Locate the line that contains "VOA Türkçe'de 7". Retype it and every line after it to the end of the records, exactly, but not the pictures.

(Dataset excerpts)
● ● ● ● ● ● ●
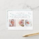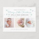 Chic festive modern birth announcement holiday postcard features "Merry Little Christmas" in teal baby blue script typography, birth stat and 3 or your favourite photos with little snowflakes.
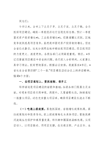 同志们:今年以来,全市上下立足于早、立足于实、立足于做,全力抓好项目建设,确保一季度经济运行呈现良好态势。预计一季度固定资产投资增长*%,工业投资增长*%。但要清醒认识到,区域竞争说到底是项目竞争,虽然我市固定资产投资较快增长,但在全省位次靠后,这充分说明各
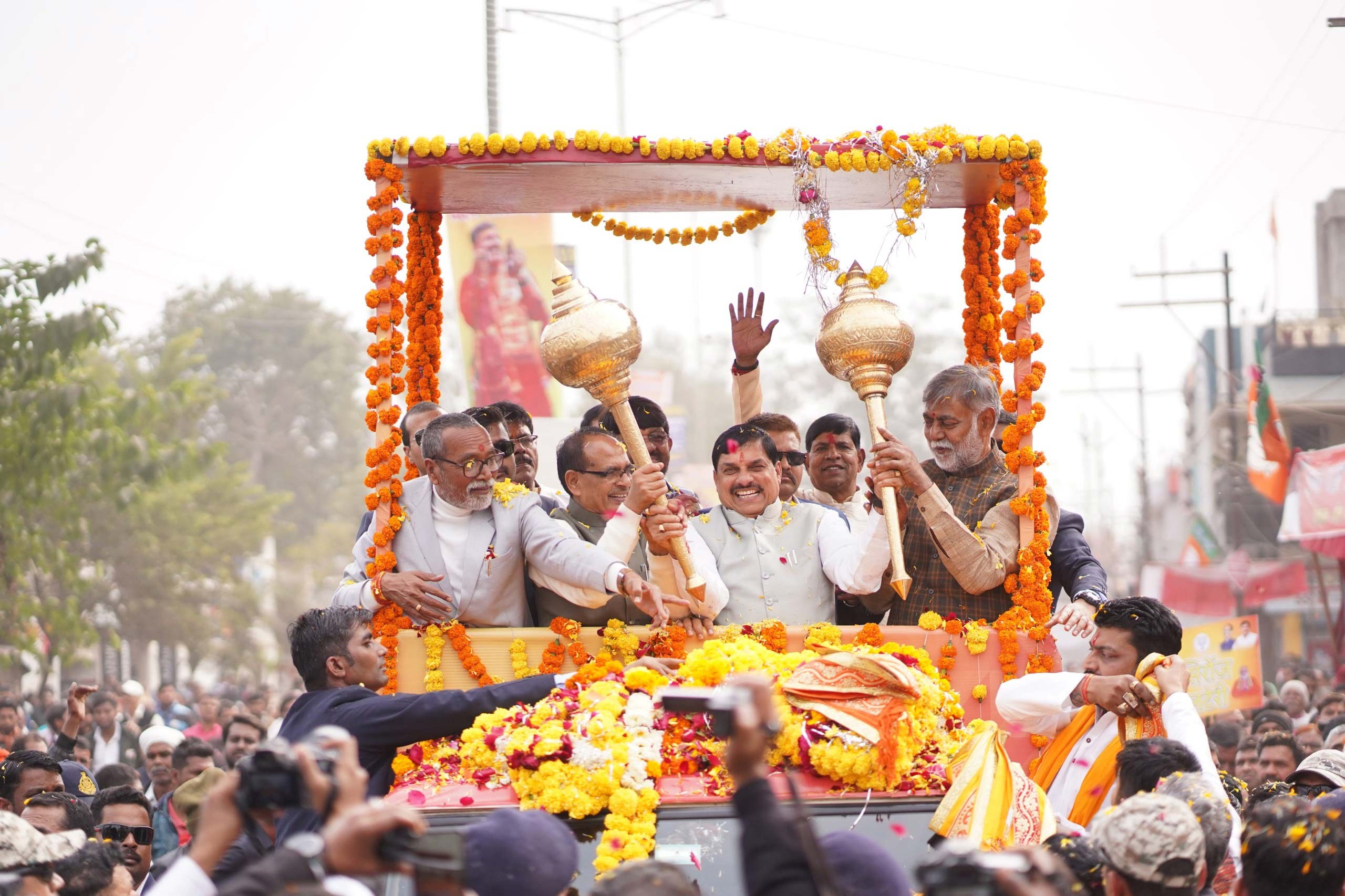 मुख्यमंत्री डॉ. मोहन यादव ने विदिशा के रोड शो में जनता का अभिवादन किया।
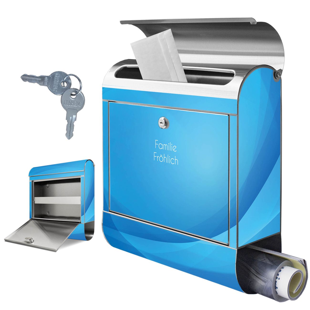 Wandbriefkasten Edelstahl Motiv Blaues Licht
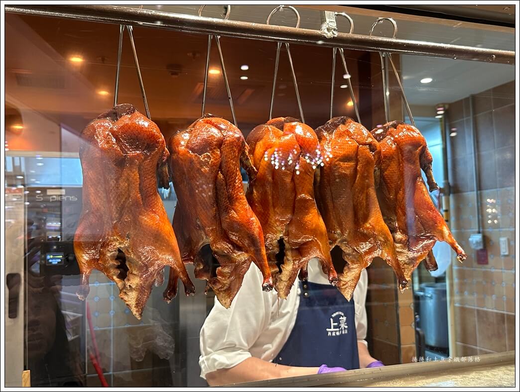 這間位在高雄夢時代藍鯨館6樓的「上菜」片皮鴨專賣店,背景可不簡單。它是漢來美食集團旗下的超強品牌,這間店當年可是帶著「月賣兩千隻鴨」的恐怖戰績南下高雄插旗的。
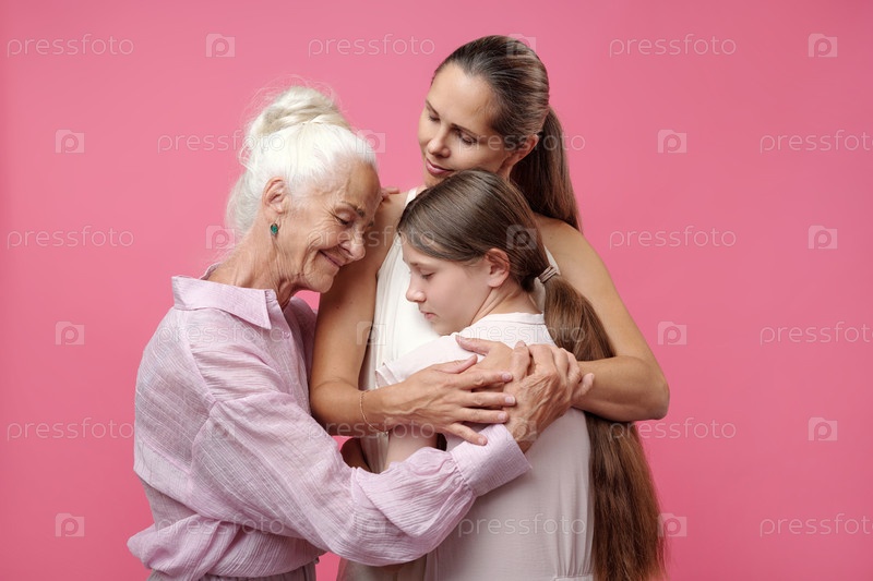 Старшая женщина обнимает молодую взрослую женщину и подростка
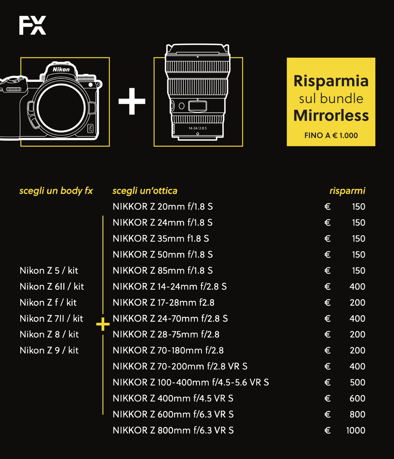 con la quale acquisti una fotocamera NIKON e un OBIETTIVO con uno speciale
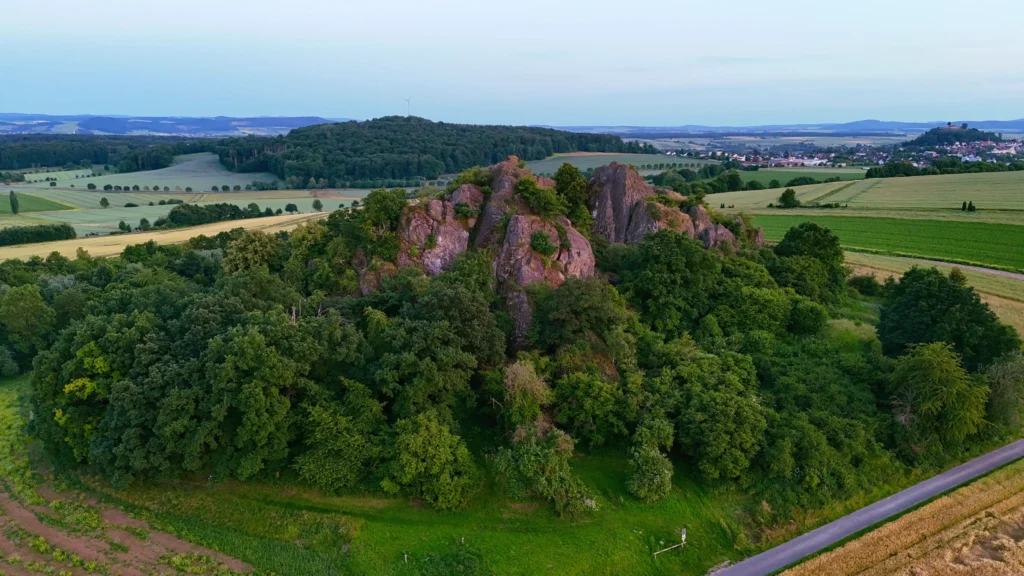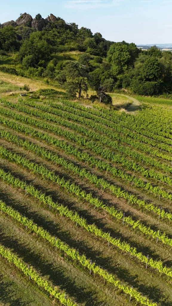 Der Weinberg am Scharfenstein liegt direkt neben dem namensgebenden Basaltkegel Scharfenstein, an dessen Fuß wir in 1996 die ersten Reben pflanzten. Über die Jahre lernten wir hier die Herausforderungen und Tücken des Weinbaus in Nordhessen kennen und kelterten die ersten Weine für den Eigenverbrauch.
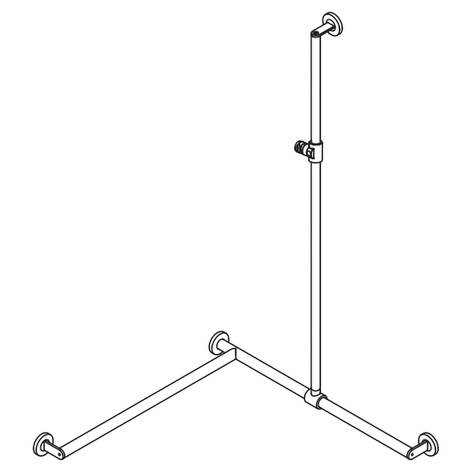 - senkrecht und waagerecht angeordnete, im rechten Winkel verbundene Stangen mit Befestigungsrosetten und Brausehalter
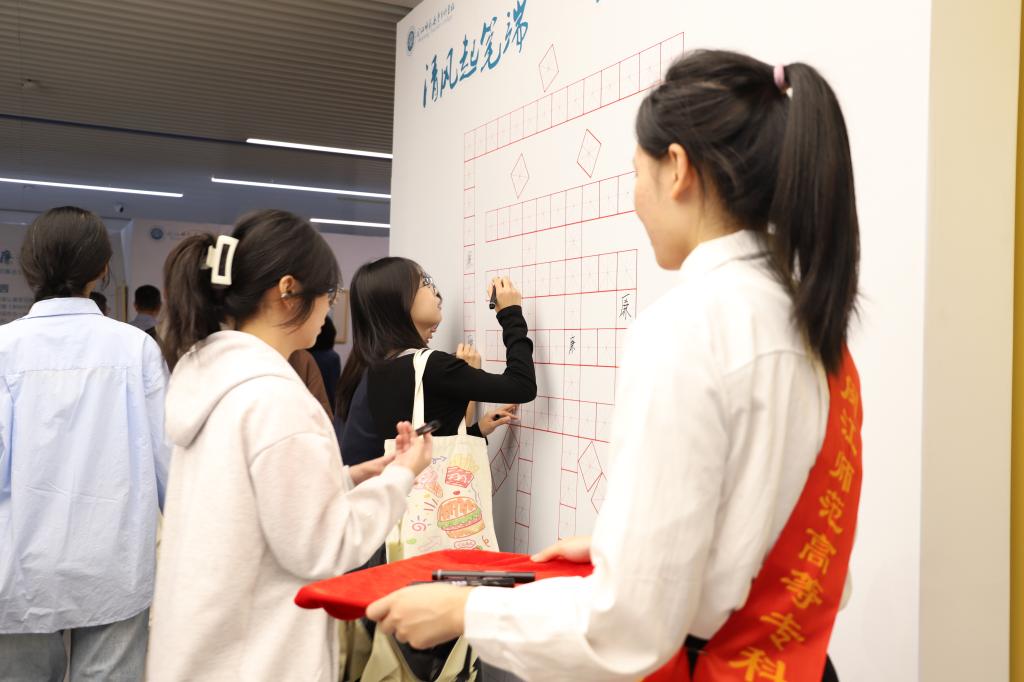 活动现场,在场师生共书“百廉”,将对清风廉洁的美好期许融入到每一个“廉”字的笔画之中。现场师生观摩了由我校师生创作的70余件创意、书法、绘画、手工类廉洁文化作品。作品主题鲜明,别具“闽师专业特色”,既有诗词歌赋、名文佳句、水墨绘画、传统漆画,也有精美剪纸、服装设计、手工作品、三笔字、装饰画。每一幅作品都饱含着师生对廉洁文化的独特理解和思想认同,展现了“廉与美”的完美邂逅,具有很强的思想性、艺术性、观赏性。
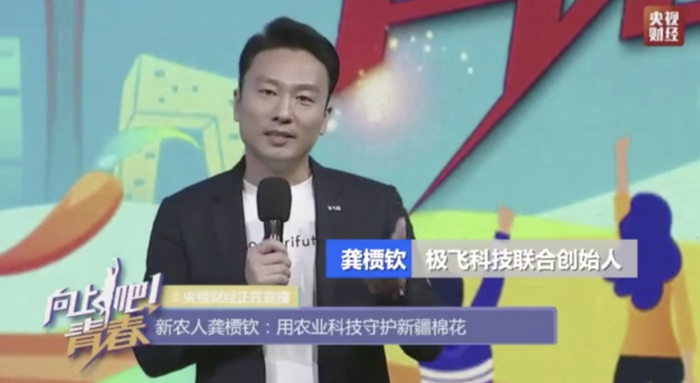 在央视财经“向上吧!青春”五四论坛的现场,极飞科技联合创始人龚槚钦带来了一台翼长约3米长的极光最小的“农业无人机”,这台机器能携带20公斤农药。据龚槚钦介绍,新疆的农田面积占全国80%以上,其中运用了“农业无人机”进行播种收割的面积达70%以上。
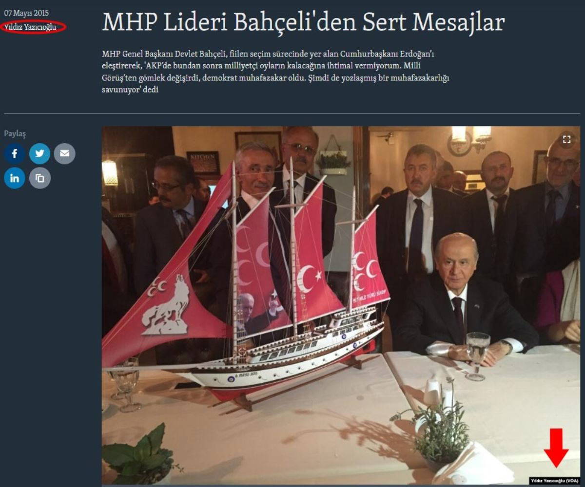 VOA Türkçe'de 7 Mayıs 2015 tarihinde "MHP Lideri Bahçeli'den Sert Mesajlar" başlığıyla yayımlanan haberde Bahçeli, AKP'li Cumhurbaşkanı Recep Tayyip Erdoğan'ı "AKP’de bundan sonra milliyetçi oyların kalacağına ihtimal vermiyorum. Milli Görüş’ten gömlek değişirdi, demokrat muhafazakar oldu. Şimdi de yozlaşmış bir muhafazakarlığı savunuyor" diyerek eleştiriyor.
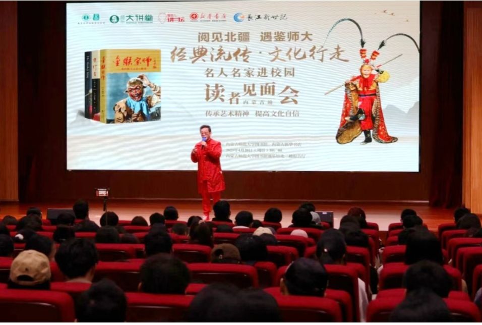 本网讯 为深入学习贯彻习近平文化思想,全面落实党的二十大及二十届二中、三中全会精神,根据自治区党委宣传部围绕“阅见北疆”2025 年书香内蒙古全民阅读季活动部署,4月20日,beat365举办“阅见北疆 遇鉴师大——‘经典流传·文化行走’名人名家进校园之六小龄童读者见面会”。本次活动由宣传部、学生工作部(学生工作处)、团委主办,图书馆承办。活动吸引了500余名师生参与,现场气氛热烈。
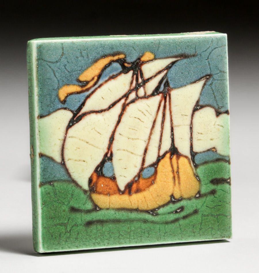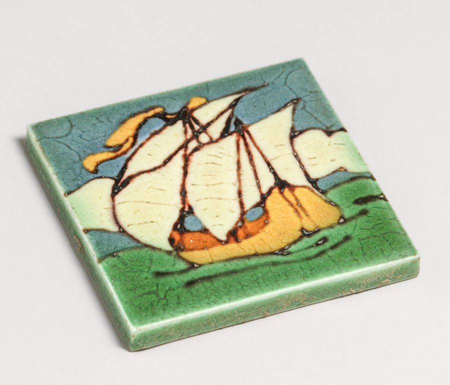- Grueby – Pardee Tile Works Galleon Ship Tile c1917-1920
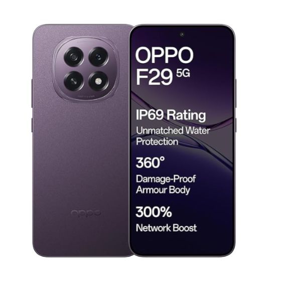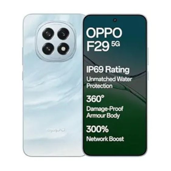 Oppo F29 5G 8GB/128GB features a 6.7-inch FHD+ AMOLED display, a Qualcomm Snapdragon 6 Gen 1 processor, and runs on Android 15. It has a 50MP + 2MP dual rear camera and a 16MP front camera. Key features include an 8GB RAM/128GB storage, 6500 mAh battery, 45W fast charging, and a notable IP69 waterproof rating for durability.
● ● ● ● ● ● ●
**Your response:**
 VOA Türkçe'de 7 Mayıs 2015 tarihinde "MHP Lideri Bahçeli'den Sert Mesajlar" başlığıyla yayımlanan haberde Bahçeli, AKP'li Cumhurbaşkanı Recep Tayyip Erdoğan'ı "AKP’de bundan sonra milliyetçi oyların kalacağına ihtimal vermiyorum. Milli Görüş’ten gömlek değişirdi, demokrat muhafazakar oldu. Şimdi de yozlaşmış bir muhafazakarlığı savunuyor" diyerek eleştiriyor.
 本网讯 为深入学习贯彻习近平文化思想,全面落实党的二十大及二十届二中、三中全会精神,根据自治区党委宣传部围绕“阅见北疆”2025 年书香内蒙古全民阅读季活动部署,4月20日,beat365举办“阅见北疆 遇鉴师大——‘经典流传·文化行走’名人名家进校园之六小龄童读者见面会”。本次活动由宣传部、学生工作部(学生工作处)、团委主办,图书馆承办。活动吸引了500余名师生参与,现场气氛热烈。
- Grueby – Pardee Tile Works Galleon Ship Tile c1917-1920
 Oppo F29 5G 8GB/128GB features a 6.7-inch FHD+ AMOLED display, a Qualcomm Snapdragon 6 Gen 1 processor, and runs on Android 15. It has a 50MP + 2MP dual rear camera and a 16MP front camera. Key features include an 8GB RAM/128GB storage, 6500 mAh battery, 45W fast charging, and a notable IP69 waterproof rating for durability.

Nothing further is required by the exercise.